Сюжетная канва особой сложностью не отличается — ранний Барт не чета завзятому выдумщику и “игроку” Томасу Пинчону; как, впрочем, не чета он и самому себе, более позднему. Странноватый персонаж по имени Джейкоб Хорнер (Horner по-английски — либо “рогач”, либо тот, кто наделяет рогами окружающих) приезжает в маленький городок в Новой Англии, именуемый в дальнейшем Вайкомико. Устраиваться на работу. Преподавателем предписательной грамматики английского языка в Государственный педагогический колледж, то есть, проще говоря, в нечто среднее между пединститутом и педучилищем. Причём приезжает он туда и устраивается на эту работу по настоятельной рекомендации своего лечащего врача, который проходит в романе под именем Доктор и фигуру являет собой весьма забавную и загадочную — а от чего он Хорнера лечит, мы узнаем только ближе к середине романа. Там же, в колледже, Хорнер знакомится с другим преподавателем по имени Джо Морган — откровенно выдающейся личностью на общем тускло-фарсовом фоне. У Джо Моргана есть Идеи, он сильная личность и живёт в соответствии с ними. У Хорнера Идей нет; есть идеи, с которыми он иногда играет — и не более того. Джо Морган — созидание, движение, структура. Джейкоб Хорнер — разрушение, пассивность, энтропия. Бог и Дьявол — аналогия лобовая, как и все подобного рода аналогии, однако сам же Хорнер в тексте её проговаривает.

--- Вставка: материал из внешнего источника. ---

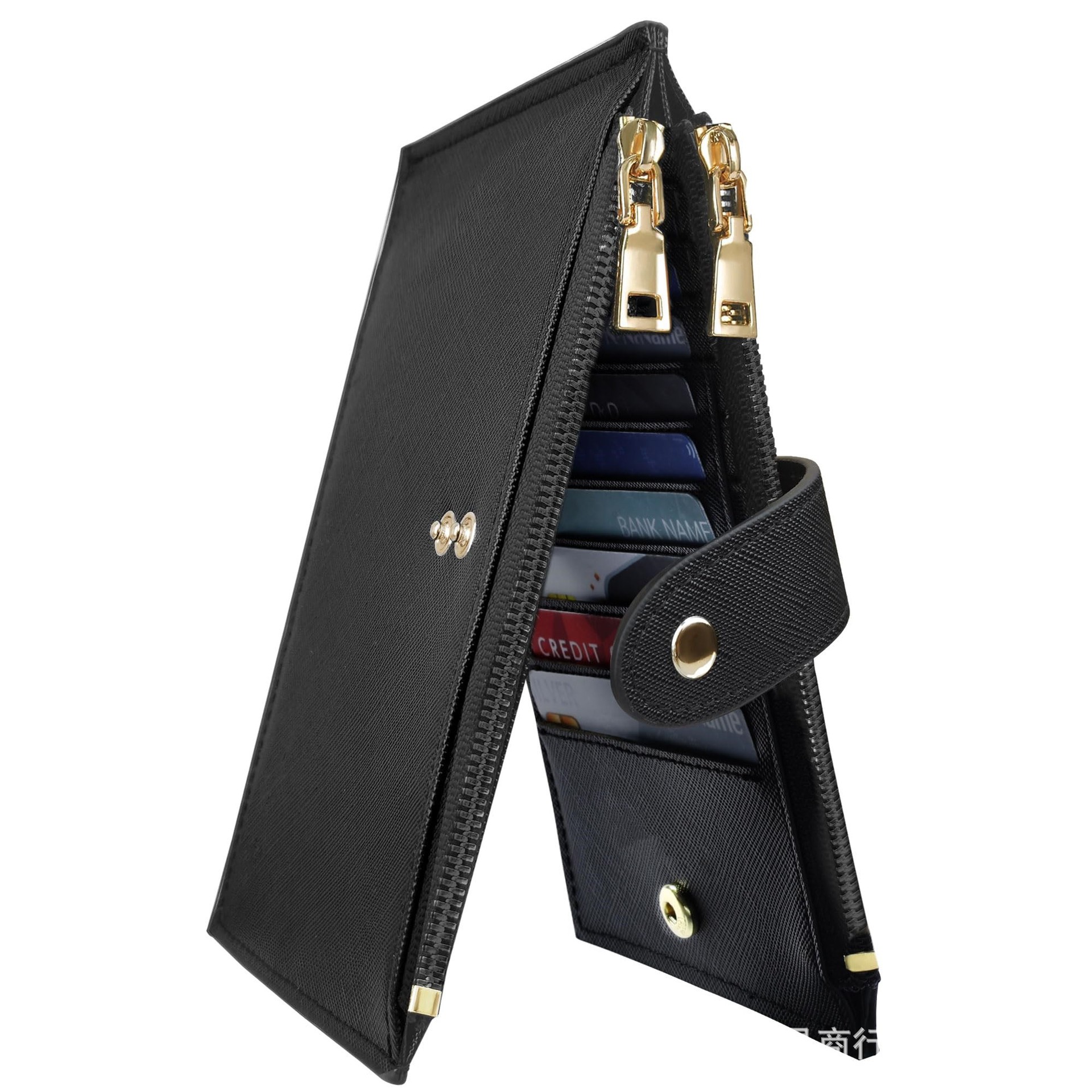 2024新品二層牛革マルチカード位レディースカードケースシンプル純色レザーカードクリップ付きジッパーカードカバー
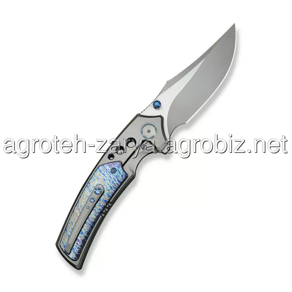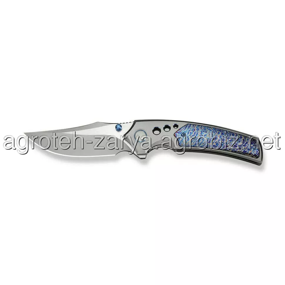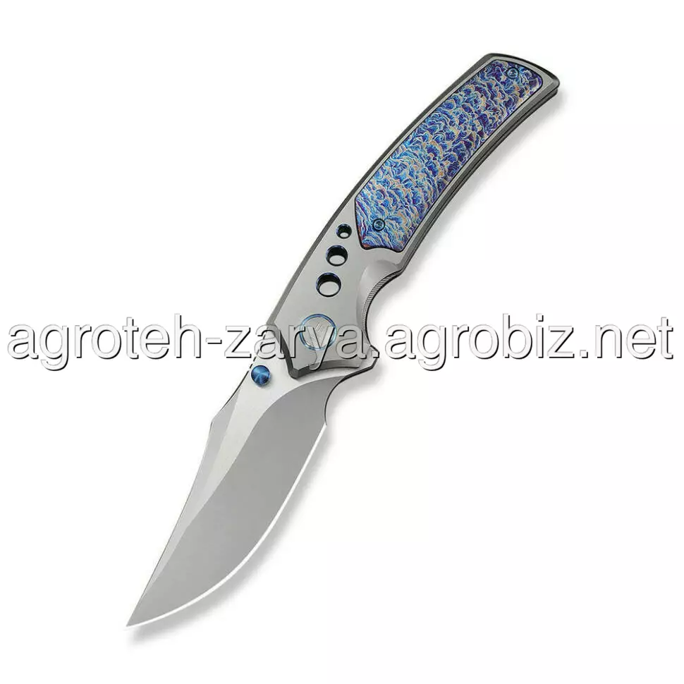 - Титанове руків’я з художньою обробкою. Повністю титанова конструкція (6AL4V) має фініш Flamed, що створює унікальні колірні переливи. Це гарантує максимальну жорсткість конструкції, стійкість до зовнішніх впливів та ексклюзивний зовнішній вигляд.

Они интересны друг другу. Они друг к другу присматриваются. Они начинают общаться, и чем меньше в них общего, тем больше общение затягивает. У Джо Моргана есть жена по имени Ренни. Дальше можно не рассказывать. И всё кончится плохо.
Итак, с точки зрения сюжета — стандартная, на любовном треугольнике основанная мелодрама. Вот только треугольник тут не совсем любовный. И к тому же не равнобедренный, а равносторонний. И сюжет, помимо общей, неоднократно спародированной по ходу схемы, построен сплошь на провокациях, которые никак не позволят читателю остаться сторонним наблюдателем.

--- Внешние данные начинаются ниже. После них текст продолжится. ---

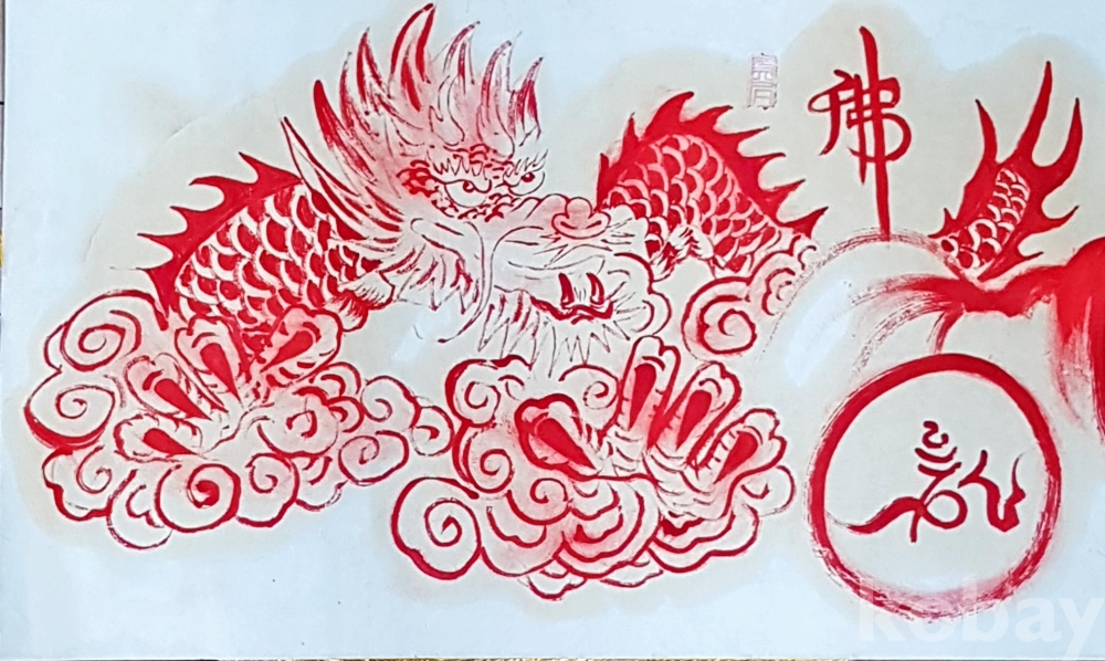 물품 크기 | 그림 크기; 135×34cm 화선지에 붉은경명주사로채색 |
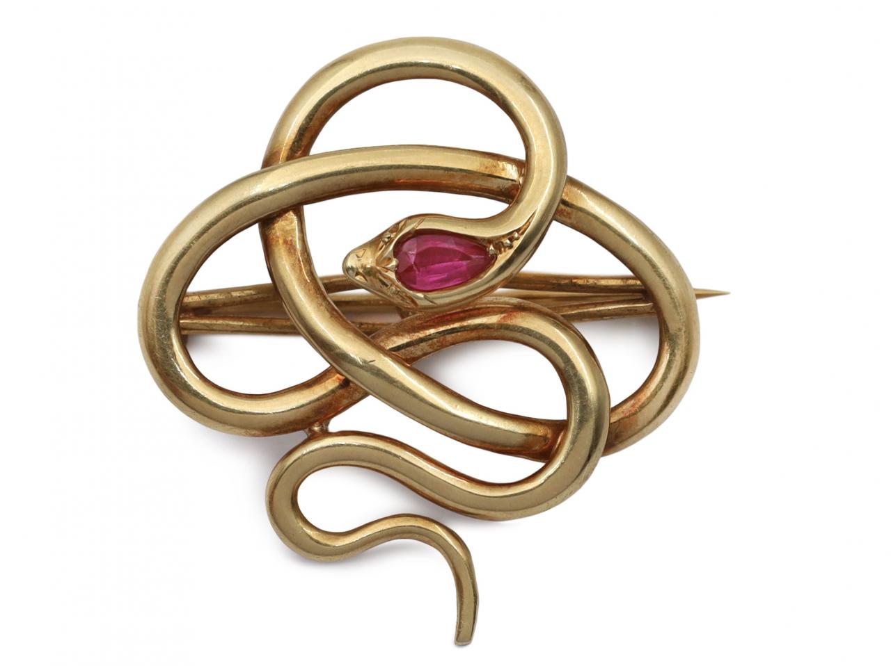 Vintage serpent brooch set with a synthetic ruby in 14kt gold

В мою задачу не входит сколь-нибудь полный литературоведческий анализ этого сильного, умного и вкусно сделанного текста. Ограничусь одной-единственной смысловой структурой, из множества подобных, умело встроенных Бартом в не слишком внешне броскую ткань текста. Речь пойдёт о где скрытых, где явных, но всегда иронических отсылках к одному из ключевых философских текстов XX века, к “Логико-философскому трактату” Людвига Витгенштейна — плюс несколько необходимых боковых ходов.
В каждом самодостаточном литературном тексте можно, мне кажется, сыскать своего рода ключевую фразу — или несколько фраз. Которая расставит точки. Задаст камертон стиля. Определит некую общую “норму избыточности” данного конкретного текста. В “Конце пути” такую фразу произносит Доктор. Самая, кажется, безумная фигура среди прочих, также изрядно вывихнутых персонажей. Негатив на позитиве, в Америке пятидесятых негр в белой докторской тужурке, пользующий от бессилия белых пациентов. “The world is everything that is a case”, — говорит он, буквально цитируя пункт 1. “Логико-философского трактата”. В английском, естественно, переводе.
В старом (1958 г.) русском переводе эта фраза дана следующим образом: “Мир есть всё то, что имеет место”. Но Доктор — не Джо Морган. Он если кого и цитирует, так не для того, чтобы, переосмыслив, встроить цитату в фундамент собственной жизни. Он с ней играет. Ибо продолжение фразы полностью перечёркивает пафос витгенштейновой атомарной грамматологии (что сделал уже и сам Витгенштейн — отчасти в финале “Трактата”, отчасти в более поздних оценках оного). “…and what the case is not the matter of logic”.
И, поскольку шутка строится на некоем скрыто присутствующем “общем смысле” “Трактата”, я счёл возможным педалировать в переводе иной возможный — и детально проработанный Бартом — смысл английской фразы. “Мир есть всё то, о чём идёт речь, а то, о чём идёт речь, не есть предмет логики”. (Оставляю мерцать на периферии третий и четвёртый возможные смыслы слова case: “медицинский” и “юридический случай” — фразу произносит Доктор, обращаясь к Хорнеру, “интересному случаю”; состав преступления к концу романа (пути) налицо.)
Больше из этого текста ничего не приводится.